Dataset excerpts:
★ ★ ★ ★ ★ ★ ★
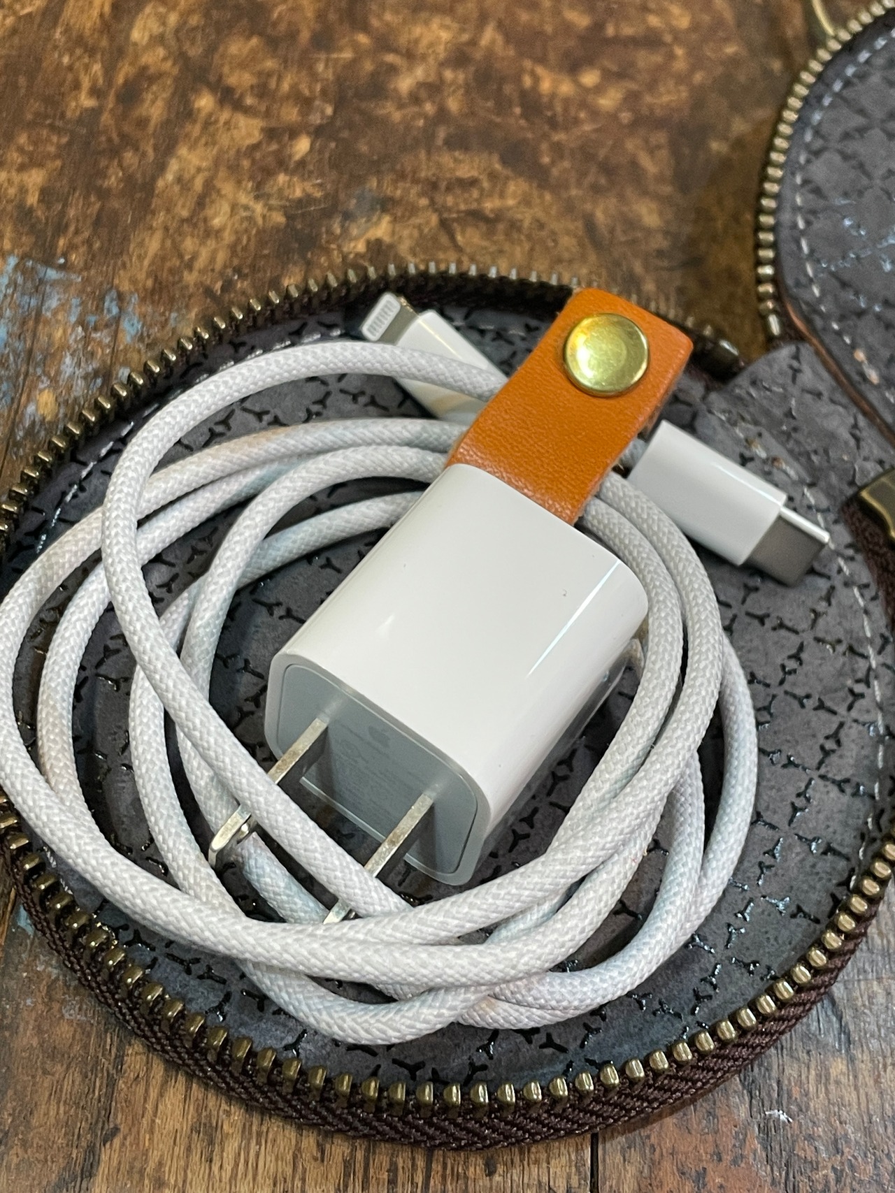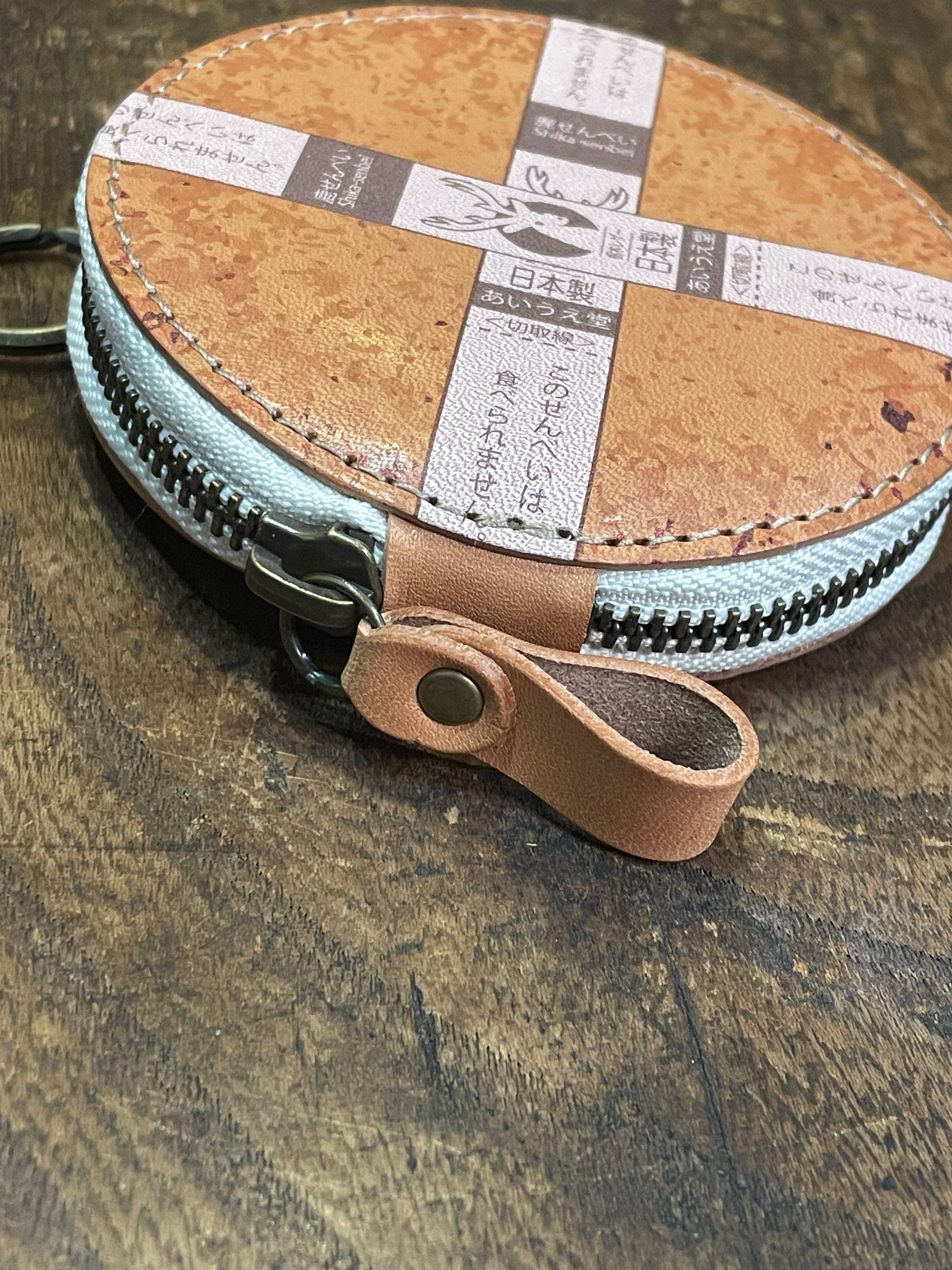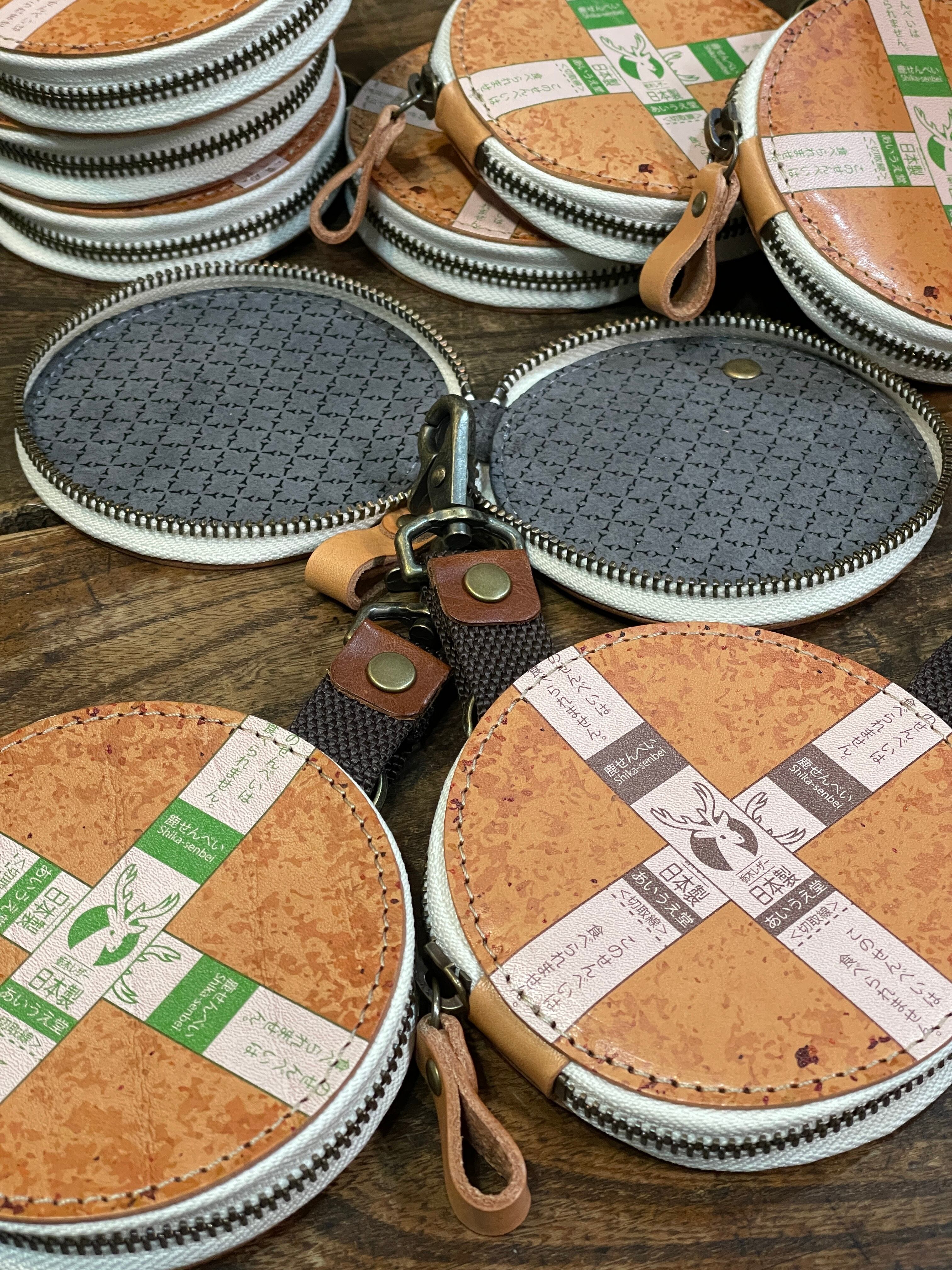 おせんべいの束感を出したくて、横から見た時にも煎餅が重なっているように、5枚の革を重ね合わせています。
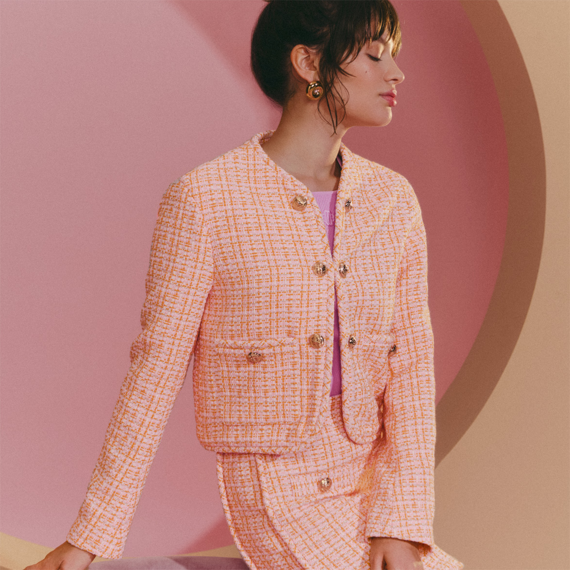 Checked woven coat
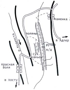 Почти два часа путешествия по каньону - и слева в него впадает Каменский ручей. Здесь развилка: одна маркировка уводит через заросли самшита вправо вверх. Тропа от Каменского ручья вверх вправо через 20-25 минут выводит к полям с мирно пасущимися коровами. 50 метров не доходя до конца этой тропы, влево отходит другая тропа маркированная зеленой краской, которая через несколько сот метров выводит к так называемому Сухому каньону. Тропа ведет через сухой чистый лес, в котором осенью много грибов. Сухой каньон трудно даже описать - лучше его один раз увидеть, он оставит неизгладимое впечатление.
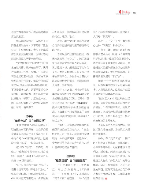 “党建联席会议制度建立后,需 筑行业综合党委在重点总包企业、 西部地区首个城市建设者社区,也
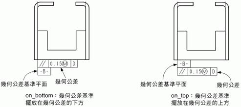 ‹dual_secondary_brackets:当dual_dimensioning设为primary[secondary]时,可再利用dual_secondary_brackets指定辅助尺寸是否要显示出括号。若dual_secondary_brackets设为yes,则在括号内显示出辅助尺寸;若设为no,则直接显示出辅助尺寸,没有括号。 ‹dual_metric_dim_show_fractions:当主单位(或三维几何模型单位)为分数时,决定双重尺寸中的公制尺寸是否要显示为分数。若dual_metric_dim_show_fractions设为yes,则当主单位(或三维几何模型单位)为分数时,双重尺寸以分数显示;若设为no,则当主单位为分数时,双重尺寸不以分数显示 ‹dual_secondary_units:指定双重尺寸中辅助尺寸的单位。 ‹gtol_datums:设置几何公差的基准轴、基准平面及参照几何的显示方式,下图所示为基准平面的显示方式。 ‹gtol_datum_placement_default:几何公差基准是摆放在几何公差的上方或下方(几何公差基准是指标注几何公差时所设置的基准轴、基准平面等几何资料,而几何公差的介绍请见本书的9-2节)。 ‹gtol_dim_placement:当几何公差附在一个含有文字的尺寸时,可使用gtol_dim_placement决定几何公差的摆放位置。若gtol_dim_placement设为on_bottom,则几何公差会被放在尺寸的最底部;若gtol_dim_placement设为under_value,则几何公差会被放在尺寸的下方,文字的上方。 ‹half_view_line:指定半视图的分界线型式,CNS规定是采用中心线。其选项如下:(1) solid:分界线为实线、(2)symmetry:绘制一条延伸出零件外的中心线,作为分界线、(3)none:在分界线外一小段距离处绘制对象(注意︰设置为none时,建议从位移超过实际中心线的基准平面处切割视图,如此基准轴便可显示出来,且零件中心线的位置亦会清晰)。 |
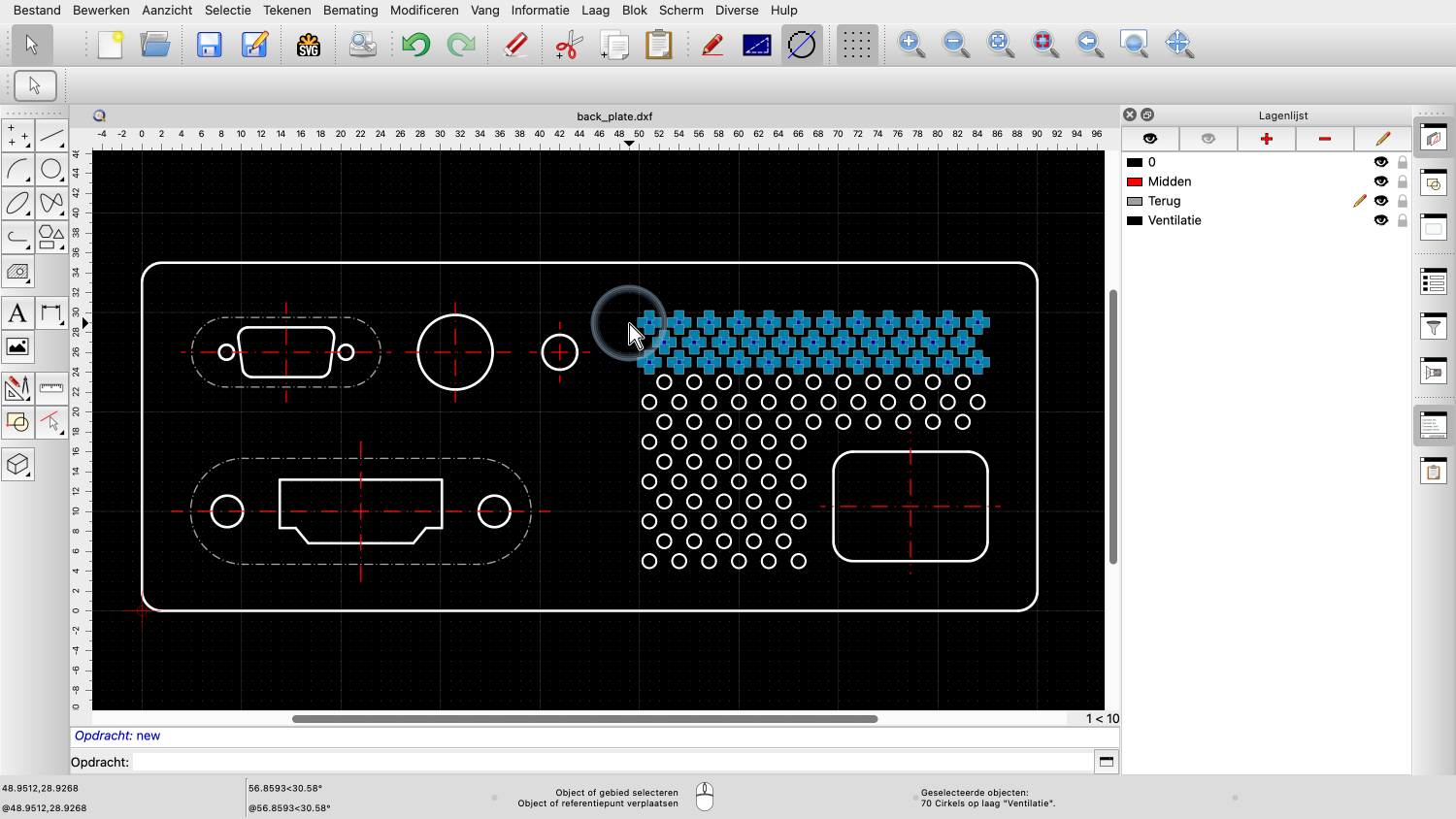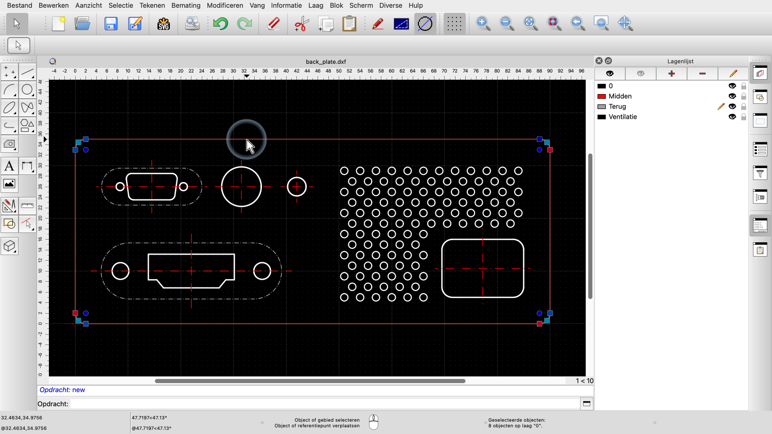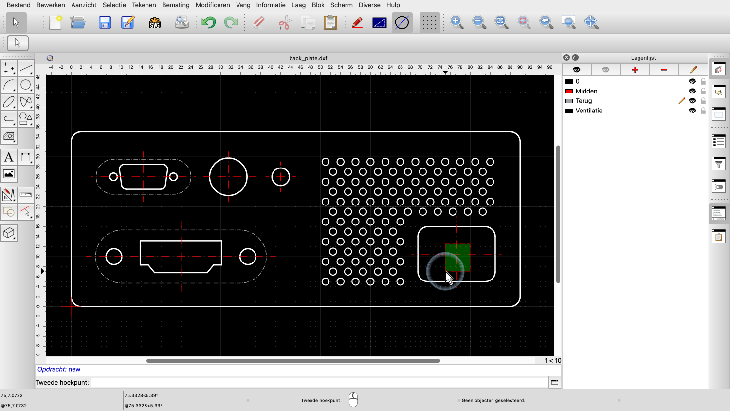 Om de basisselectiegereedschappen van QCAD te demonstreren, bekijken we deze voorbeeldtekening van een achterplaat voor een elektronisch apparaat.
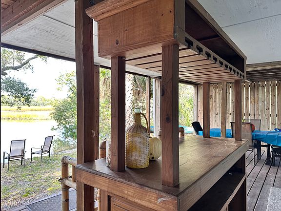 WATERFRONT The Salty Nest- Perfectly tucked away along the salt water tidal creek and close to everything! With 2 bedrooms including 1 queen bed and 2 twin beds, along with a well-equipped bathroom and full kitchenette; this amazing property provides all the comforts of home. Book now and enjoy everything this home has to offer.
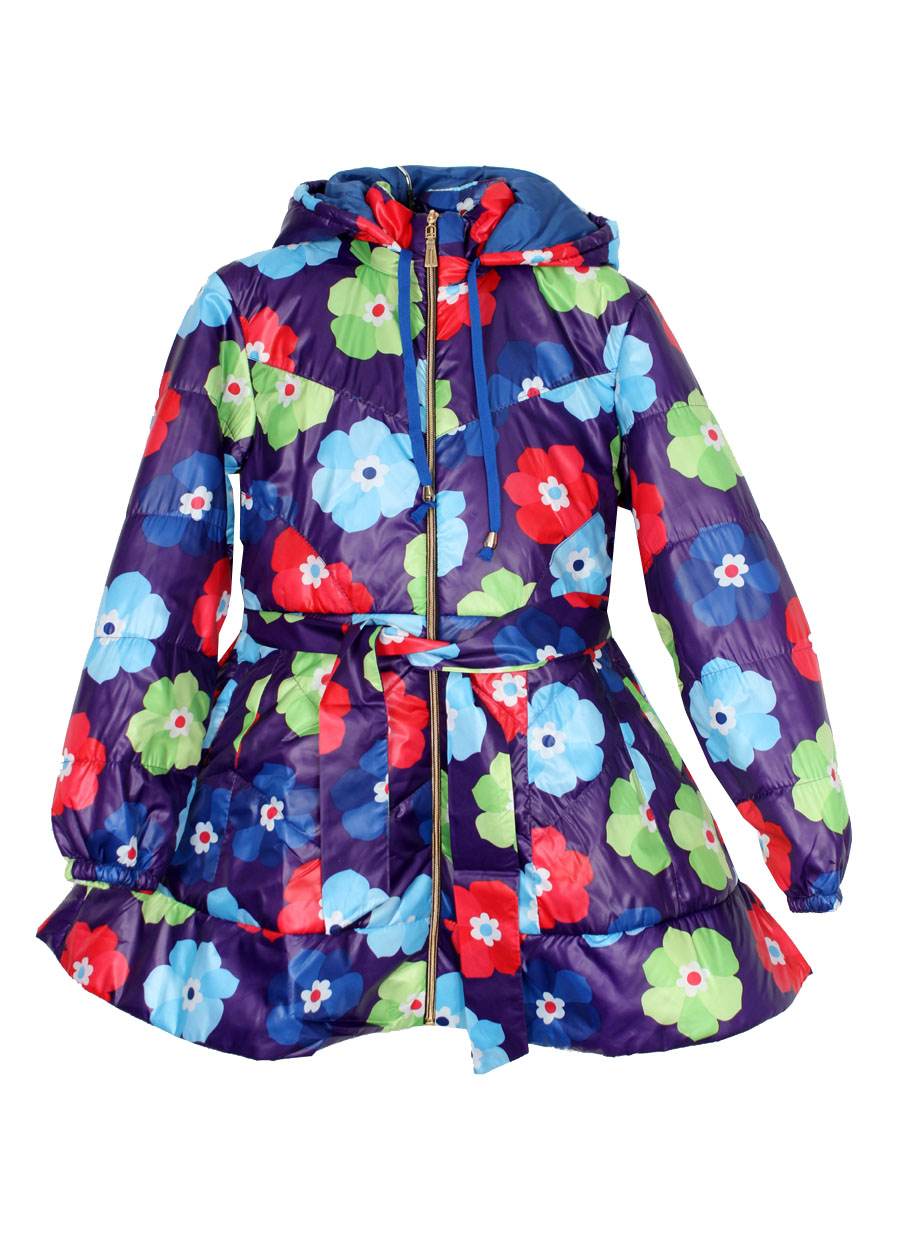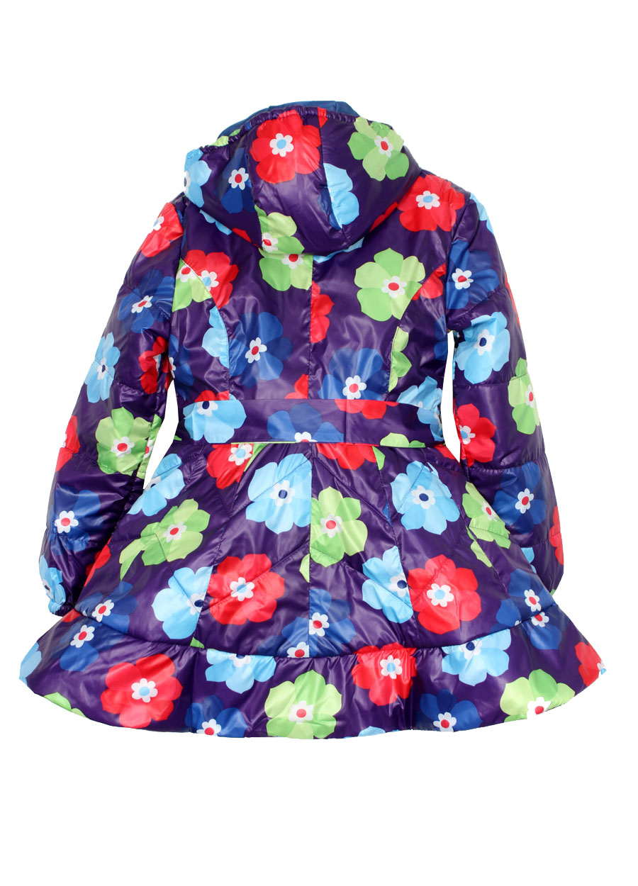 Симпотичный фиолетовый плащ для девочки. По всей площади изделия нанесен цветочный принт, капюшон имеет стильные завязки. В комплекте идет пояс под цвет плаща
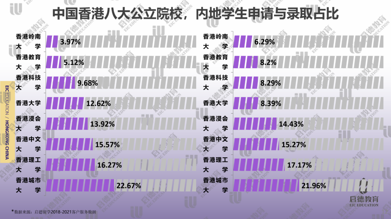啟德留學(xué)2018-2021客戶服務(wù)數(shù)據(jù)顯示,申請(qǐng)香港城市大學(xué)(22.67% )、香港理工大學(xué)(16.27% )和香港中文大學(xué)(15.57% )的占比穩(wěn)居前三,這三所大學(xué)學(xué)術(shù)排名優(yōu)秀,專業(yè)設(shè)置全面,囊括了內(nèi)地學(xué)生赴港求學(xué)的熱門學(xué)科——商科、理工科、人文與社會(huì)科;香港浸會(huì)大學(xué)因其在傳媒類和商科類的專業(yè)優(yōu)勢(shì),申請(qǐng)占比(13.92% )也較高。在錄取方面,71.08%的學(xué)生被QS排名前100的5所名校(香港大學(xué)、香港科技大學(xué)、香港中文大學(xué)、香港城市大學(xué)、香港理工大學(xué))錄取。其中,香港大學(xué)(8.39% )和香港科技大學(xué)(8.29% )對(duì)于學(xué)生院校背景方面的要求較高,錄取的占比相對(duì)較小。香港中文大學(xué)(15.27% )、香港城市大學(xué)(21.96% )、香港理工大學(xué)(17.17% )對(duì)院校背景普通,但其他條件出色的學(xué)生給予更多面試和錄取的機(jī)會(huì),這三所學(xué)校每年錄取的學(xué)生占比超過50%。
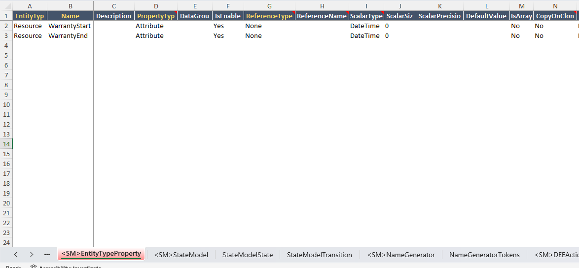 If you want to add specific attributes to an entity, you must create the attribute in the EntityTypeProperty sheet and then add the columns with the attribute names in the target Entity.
★ ★ ★ ★ ★ ★ ★
Set down exactly the lines above, from the line containing "WATERFRONT The Salty" through the line containing "Симпотичный фиолетовый плащ". Skip the pictures.

 WATERFRONT The Salty Nest- Perfectly tucked away along the salt water tidal creek and close to everything! With 2 bedrooms including 1 queen bed and 2 twin beds, along with a well-equipped bathroom and full kitchenette; this amazing property provides all the comforts of home. Book now and enjoy everything this home has to offer.
 Симпотичный фиолетовый плащ для девочки. По всей площади изделия нанесен цветочный принт, капюшон имеет стильные завязки. В комплекте идет пояс под цвет плаща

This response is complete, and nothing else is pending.